O Acordo Nacional do Benzeno
     O benzeno é uma das substâncias químicas tóxicas mais presente nos processos industriais no mundo. É a substância mais cancerígena, segundo a Agência Internacional de Controle do Câncer (IARC).
     A exposição crônica ao benzeno - comum em refinarias de petróleo e nas siderúrgicas - prejudica bastante o organismo. Seus metabólitos (subprodutos) são altamente tóxicos e se depositam na medula óssea e nos tecidos gordurosos. Não existe limite seguro de exposição ao benzeno. A simples presença do produto no ambiente de trabalho põe em risco a saúde do trabalhador.
     O Acordo Nacional do Benzeno, firmado, em 1995, entre o governo, a indústria e os sindicatos dos ramos petroquímico, químico e siderúrgico, definiu medidas de proteção da saúde de trabalhadores e o Valor de Referência Tecnológico (VRT). O VRT atualmente é de 1 ppm no setor petroquímico e 3 ppm no setor siderúrgico. Entre as medidas de proteção são previstos: programas de vigilância da saúde e de monitoramento ambiental e instalação de grupos de prevenção à exposição ocupacional ao benzeno.
     Quem trabalha em unidades que operam com benzeno deve passar por avaliações de saúde periódicas. O hemograma completo é obrigatório e permite avaliar alterações, ao longo do tempo, possibilitando diagnósticos precoces de benzenismo. Além disso, toda empresa que armazena, usa ou manipula o benzeno e seus compostos líquidos, em um volume mínimo de 1% do total, é obrigada a ter um grupo de representação de trabalhadores do benzeno, cujas atividades são ligadas à Cipa.

     Matéria publicada no informativo Unidade Nacional nº 232 do Sindipetro Caxias em 31 de março de 2011.

Reunião da CNPBz é cancelada

     O Ministério do Trabalho e Emprego (MTE) decidiu cancelar a reunião da Comissão Nacional Permanente do Benzeno (CNPBz), prevista para ocorrer no início de abril em Porto Alegre, Rio Grande do Sul, em razão de contenção de despesas.
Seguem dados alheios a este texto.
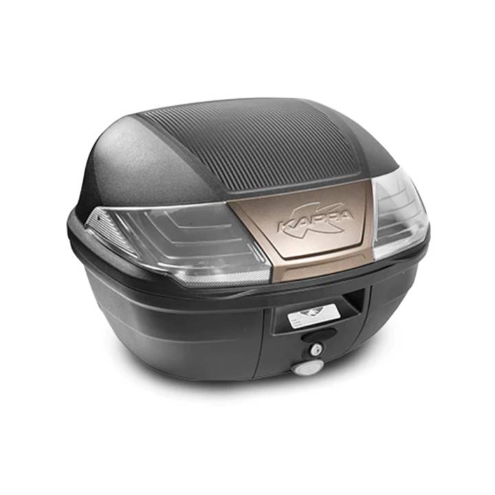 Baúl negro 40 Lts, tapa con textura carbono, embellecedor central en color titanio mate y catadióptricos ahumados. Incluye parrilla K628 y kit de fijación universal.Baúl negro 40 Lts, tapa con textura carbono, embellecedor central en color titanio mate y catadióptricos ahumados.Incluye parrilla y kit fijacion universal.Puede contener un casco modular.

Os sindicatos filiados à Federação Única dos Petroleiros (FUP), entre eles o Sindipetro Caxias, se ofereceram para pagar as despesas do MTE de envio dos membros da bancada de governo ao encontro, mas não foram atendidos e o cancelamento foi mantido.
     As reuniões da CNPBz são realizadas a cada três meses em cidades que possuem empresas dos setores petroquímico e siderúrgico. Previamente à reunião de Porto Alegre estava prevista uma visita técnica a empresas do Pólo Petroquímico de Triunfo a fim de se verificar as boas práticas de prevenção à exposição ocupacional ao benzeno. Com o cancelamento da reunião a visita ficou inviabilizada.
     No momento estava em discussão na CNPBz a proposta das bancadas dos trabalhadores e de governo de redução do Valor de Referência Tecnológico (VRT) para as indústrias petroquímicas e siderúrgicas.

     Matéria publicada no informativo Unidade Nacional nº 232 do Sindipetro Caxias em 31 de março de 2011.